For full disclosure, I am not part of either of those projects, however I have started creating themes and addons for their platforms and am using their software to power my websites and social media presence.

Privacy Features:

  • You can decide who sees your posts, content, files, and images. You do not have to post publicly.
  • You can create private discussion groups and determine who can participate.
  • Communications are encrypted between servers.
  • You do not have to provide information about your real identity to create an account.
  • You can create and post under multiple aliases or channels.
  • You can self-host, making you the administrator.
  • The software is open source, so you do not have to identity yourself to download the software.
  • If you communicate with others who self-host, then only the recipients have access to the communications (unless you make it public).
  • Individual posts can be encrypted in the database and require a passcode to unlock. Administrators cannot read these posts unless you give them the passcode.


  • Anything you post publicly will obviously not be private.
  • Normal posts are stored unencrypted in the database, unless you manually lock the post with a passcode. Posts locked with a passcode are encrypted in the database.
  • Most privacy features only work with Hubzilla, Streams, and their forks. They do not work when federated with other platforms through ActivityPub, such as Mastodon.
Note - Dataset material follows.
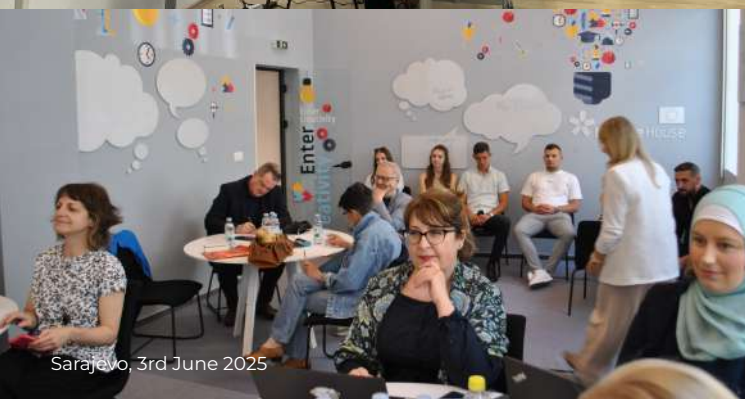
Sarajevo, 3rd June 2025

For example, encrypted posts on Hubzilla cannot be read on Mastodon, so if you send a DM or post to a Mastodon user, it will be in plain text in both databases even though it is encrypted in transit.

Secure: Hubzilla and Streams were built with security in mind, and the developers tend to prioritize security and privacy over other features.
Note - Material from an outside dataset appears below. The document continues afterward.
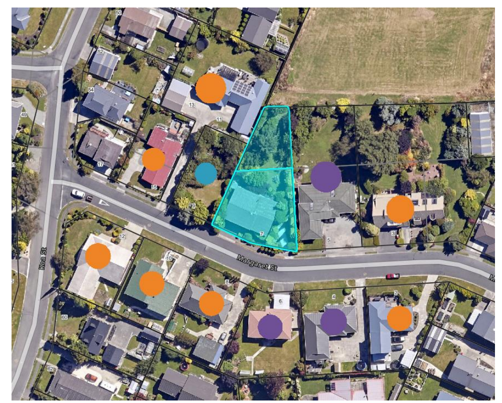
Figure 3: Surrounding neighbours to the subject site. Purple indicates APAs provided by owners of the site, orange indicates adjacent neighbours, and blue indicates applicant's land.

Effects on persons who have provided written approval have not been assessed. As the applicant owns 9 Margaret Street, written approval in inherent, and as such effects on the applicant as the owner of that property also disregarded.
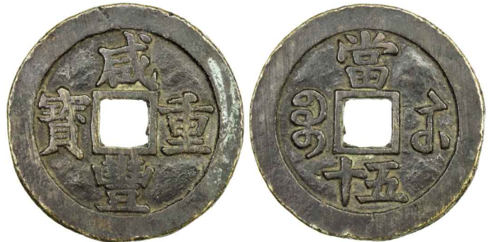
655. QING: Xian Feng , 1851-1861, AE 50 cash, Suzhou mint, Jiangsu Province, H-22.904, 53mm, brass ( huáng tóng ), cast 1854-55, some minor edge bumps, F-VF $75 - 100

Source Availability: Hubzilla and Streams are both open source. Hubzilla is MIT licensed, and Streams is public domain, but includes libraries that are licensed under various FOSS licenses.

Cross-Platform: There are currently two projects that are compatible with each other: Hubzilla and Streams. They have different head developers, but they do collaborate and often backport code into each other’s project. Since they are open source, they can be forked.

Active Development: Both projects are actively being developed.

Usability: You don’t have to be that technical to sign up for an account on a public hub (open instance). If you self-host, it is a little more technical, but that applies to any software that you self-host.

Documented: Documentation is included with the code, and is available in the build-in help system, although it can get a little technical. There currently is an initiative to make more documentation and make it less technical-sounding.

Security Audit: I am not directly involved in the projects, so I am not sure if anything like this was done.

What problem does it solve?

It gives you an alternative to social media, and gives you privacy options the competing platforms do not have.

It enables you to participate in social media either publicly or privately, and you can share posts, content, files, and images with others privately. It also allows you to encrypt your posts so that even an administrator cannot read it without the passcode.